If you are a coach, boss, spouse, friend, family member or human, there has been a time or two when you have been in the position to give feedback, criticism or commentary to someone. No matter how much you would like to mind your own business and stay out of it, your opinion is going to be asked for. You can’t get away from it.
Let’s get really honest here. Shall we?
Sometimes, you don’t mind your own business and you give your opinion when it’s not asked for.
After all, isn’t that mostly what Facebook, Twitter and the rest of social media is all about? People plopping their opinions all over the internet in a free-fall of helpful and not-so-helpful feedback? Think about it, if people stopped sharing their thoughts and feedback on Social Media, the concept would be as deserted as a school hallway on winter break.
The concept of “Mind Your Own Business” in Social Media is null and void. Simply by putting ourselves out there and commenting, we have given unstated permission for people to start commenting and giving their point of view. That’s the game. That is what it is all about.
How is Social Media Different than Aunt Bessie’s Thanksgiving Dinner Table?
What happens when we step off the pages of social media?
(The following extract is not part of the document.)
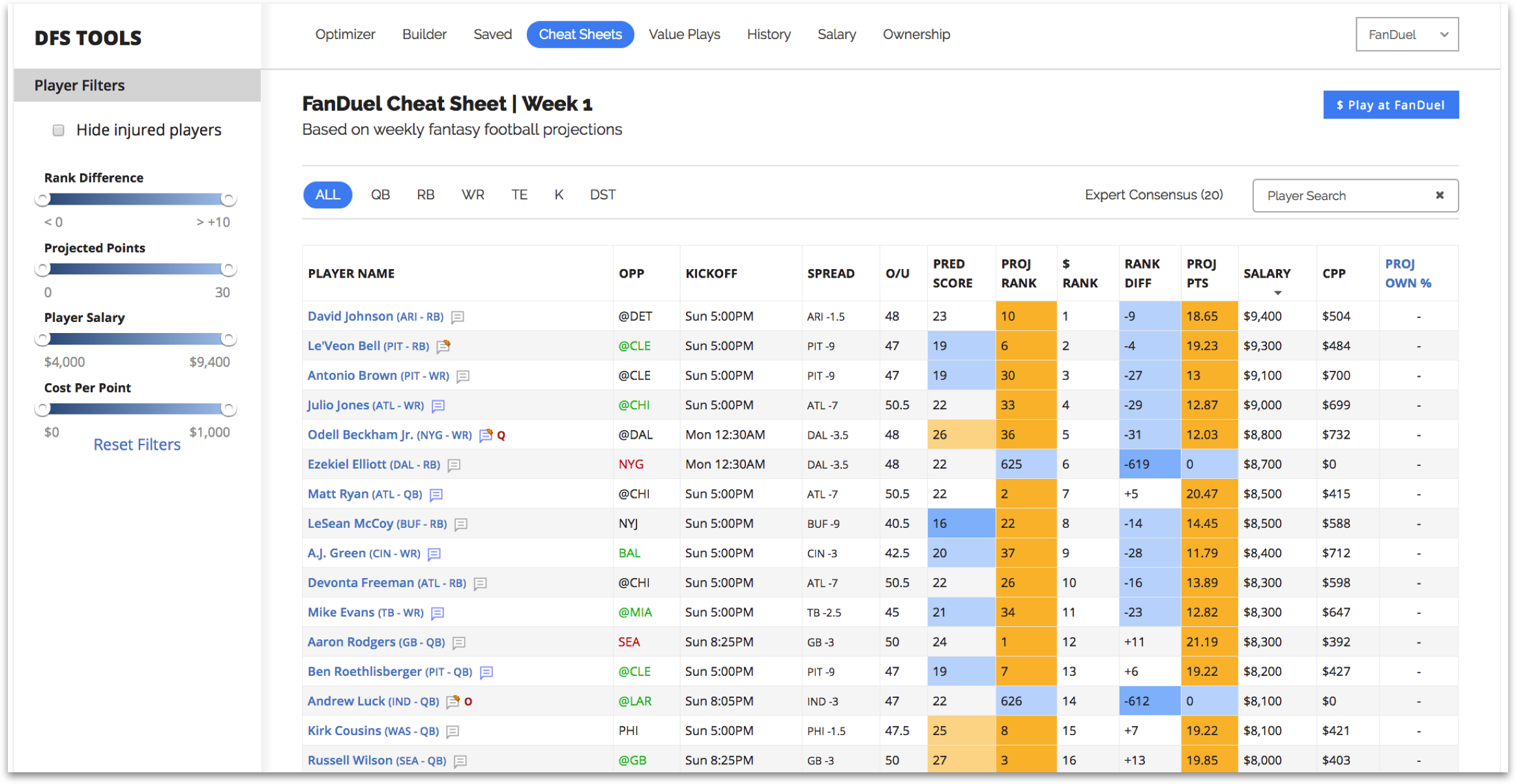 Daily Fantasy Football Cheat Sheet Daily Fantasy DFS FantasyPros

Are these behaviors being carried out in our real lives too? Do we come armed to the holiday gatherings with our arsenal full of sentences that stars with “If you ask me…“I think you should…” “I always say…” Or the bully version-“If you had any sense at all you would…”
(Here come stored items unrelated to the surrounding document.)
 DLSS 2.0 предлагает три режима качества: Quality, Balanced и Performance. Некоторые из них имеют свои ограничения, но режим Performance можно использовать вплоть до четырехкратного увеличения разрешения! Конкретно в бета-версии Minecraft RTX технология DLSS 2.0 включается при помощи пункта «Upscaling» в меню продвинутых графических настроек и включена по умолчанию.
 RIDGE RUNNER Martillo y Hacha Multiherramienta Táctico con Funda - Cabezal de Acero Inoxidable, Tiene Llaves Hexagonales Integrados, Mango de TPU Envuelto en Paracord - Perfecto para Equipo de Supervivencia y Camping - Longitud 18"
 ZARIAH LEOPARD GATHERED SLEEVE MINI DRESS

What has happened to our boundaries? How about our manners?
I’ll admit, my social media friends and in-person relationships are filled to the brim with respectful, supportive, kind and funny people who I enjoy spending time with. That’s the way I like it and those who aren’t in the above categories are quietly ushered off to the sidelines with a smile and wish of good will. I simply don’t have the time, desire or inclination to fill my life with well-meaning negativity.
Yet I hear complaints from friends and clients about how So-and-So said this, and that, and really hurt their feelings or made them second guess their own thoughts, path or dreams. Some carelessly tossed comments landed like a grenade and have set them spiraling backward and ducking for cover in both their social media lives and their in person relationships.
Is this happening to you?
Or worse, could you be the one tossing the word grenades without even a clue?
Could I?
Sadly, we probably are and don’t even know it. I know I have tossed my fair share of them in the past. I have a reputation for being blunt and it has been a lifetime learning experience to temper my Bluntness with Grace. I’ve taken many an elbow to the ribs from my adult kids and best friends when I forget too. ( They have permission to remind me.) On this lesson of word grenades, I speak from experience.
The last thing I ever want to do is cause pain with words. As a writer, I know full well the power words have to heal or hurt. I have a mission in my life to use my words to heal. But as a human, sadly, I fail at that mission sometimes.
Sometimes life gives us powerful reminders to pay extra attention to the word grenades we are holding in our hands. We need to be even more careful to look at our words from someone else’s perspective and not our own before flinging those hurtful grenades without a care.
Many of the roles in our lives make it easy to be critical or thoughtless.
Parenting is a difficult job, (I think the hardest) and our words have the power to scar for life and yet, it’s the easiest place to let loose lips fly. This is my most challenging area. And I have learned from personal experience, that self-care is my best defense. I am never at my best when I am overtired, overworked or harried.
Being a boss, we forget that our criticism and harsh commentary shapes an employee’s job satisfaction, their self esteem and ability to move forward. We can say we are offering constructive criticism, but is it always that constructive? Or is it really more destructive?
As coaches and mentors, it’s our place to offer constructive insights, helpful tips and feedback. However, do they leave their time with us feeling energized or beaten down?
How about as friends? Spouses? Family members? Are we as careful as we could be to be sure our words are helpful? Do we take the time to think about if our words are helping or hurting the people we love most?
Words matter. Our opinions matter, our constructive comments, feedback and insights can change a life. But carelessly tossed, they can also harm one too.
Take an extra moment to stop and remember that your words can be a grenade or a healing balm. Which one will you pack when you leave the house?